XML support in SQL Server

SQL Server in version 2005 also started to feature extended support for XML data inside the database engine, although some basic support was already included in version 2000. The support starts by generating XML data from tabular results. You can use the FOR XML clause of the SELECT statement for this task.

The first option for creating XML from a query result is the RAW option. The XML created is quite close to the relational (tabular) presentation of the data. In raw mode, every row from returned rowsets converts to a single element named row, and columns translate to the attributes of this element.

The FOR XML AUTO option gives you nice XML documents with nested elements, and it is not complicated to use. In auto and raw modes, you can use the keyword ELEMENTS to produce element-centric XML. The WITH NAMESPACES clause, preceding the SELECT part of the query, defines namespaces and aliases in the returned XML.

With the last two flavors of the FOR XML clause—the EXPLICIT and PATH option—you can manually define the XML returned. With these two options, you have total control of the XML document returned. The explicit mode is included for backward compatibility only; it uses proprietary T-SQL syntax for formatting XML. The path mode uses standard XML XPath expressions to define the elements and attributes of the XML you are creating.

In raw and auto modes, you can also return the XSD schema of the document you are creating. This schema is included inside XML returned, before the actual XML data; therefore, it is called inline schema. You return XSD with the XMLSCHEMA directive. This directive accepts a parameter that defines a target namespace.
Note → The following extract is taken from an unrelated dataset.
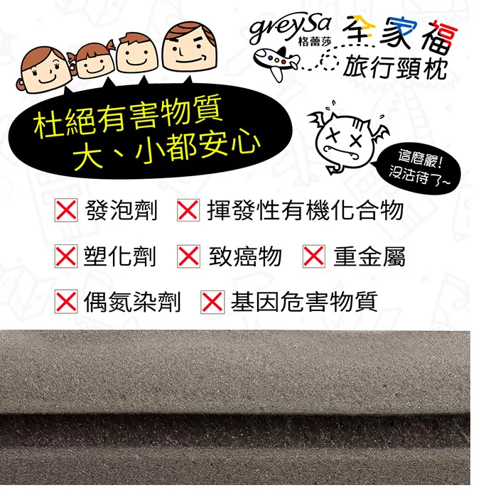 GreySa格蕾莎全家福旅行頸枕所採用的記憶泡綿,是採用德國國際大廠原料發泡而成,經過不斷研發與修正,可以改進以往記憶泡綿的缺點,擁有更良好的透氣性、支撐性、釋壓性並且不會因氣溫高低改變軟硬度,提供更舒適、更優質的寢具商品枕芯材料。

If you need schema only, without data, simply include a WHERE condition in your query with a predicate that no row can satisfy.

The following query generates an XML document from the regular tabular result set by using the FOR XML clause with AUTO option, to generate element-centric XML instance, with namespace and inline schema included:

SELECT c.[Customer Key] AS CustomerKey, 
  c.[WWI Customer ID] AS CustomerId, 
  c.[Customer],  
  c.[Buying Group] AS BuyingGroup, 
  f.Quantity, 
  f.[Total Excluding Tax] AS Amount, 
  f.Profit 
FROM Dimension.Customer AS c 
  INNER JOIN Fact.Sale AS f 
    ON c.[Customer Key] = f.[Customer Key] 
WHERE c.[Customer Key] IN (127, 128) 
FOR XML AUTO, ELEMENTS,  
  ROOT('CustomersOrders'), 
  XMLSCHEMA('CustomersOrdersSchema'); 
GO

Here is the partial result of this query. The first part of the result is the inline schema:

    <CustomersOrders>
      <xsd:schema targetNamespace="CustomersOrdersSchema" ...
        <xsd:import namespace="http://schemas.microsoft.com/sqlserver/2004/sqltypes" ...
        <xsd:element name="c">
          <xsd:complexType>
            <xsd:sequence>
              <xsd:element name="CustomerKey" type="sqltypes:int" />
              <xsd:element name="CustomerId" type="sqltypes:int" />
              <xsd:element name="Customer">
                <xsd:simpleType>
                  <xsd:restriction base="sqltypes:nvarchar" ...
                    <xsd:maxLength value="100" />
                  </xsd:restriction>
                </xsd:simpleType>
              </xsd:element>
              ...
            </xsd:sequence>
          </xsd:complexType>
        </xsd:element>
      </xsd:schema>
      <c xmlns="CustomersOrdersSchema">
        <CustomerKey>127</CustomerKey>
        <CustomerId>127</CustomerId>
        <Customer>Tailspin Toys (Point Roberts, WA)</Customer>
        <BuyingGroup>Tailspin Toys</BuyingGroup>
        <f>
          <Quantity>3</Quantity>
          <Amount>48.00</Amount>
          <Profit>31.50</Profit>
        </f>
        <f>
          <Quantity>9</Quantity>
          <Amount>2160.00</Amount>
          <Profit>1363.50</Profit>
        </f>
      </c>
      <c xmlns="CustomersOrdersSchema">
        <CustomerKey>128</CustomerKey>
        <CustomerId>128</CustomerId>
        <Customer>Tailspin Toys (East Portal, CO)</Customer>
        <BuyingGroup>Tailspin Toys</BuyingGroup>
        <f>
          <Quantity>84</Quantity>
          <Amount>420.00</Amount>
          <Profit>294.00</Profit>
        </f>
      </c>
      ...
    </CustomersOrders>

You can also do the opposite process: convert XML to tables. Converting XML to relational tables is known as shredding XML. You can do this by using the nodes() method of the XML data type, or with the OPENXML() rowset function.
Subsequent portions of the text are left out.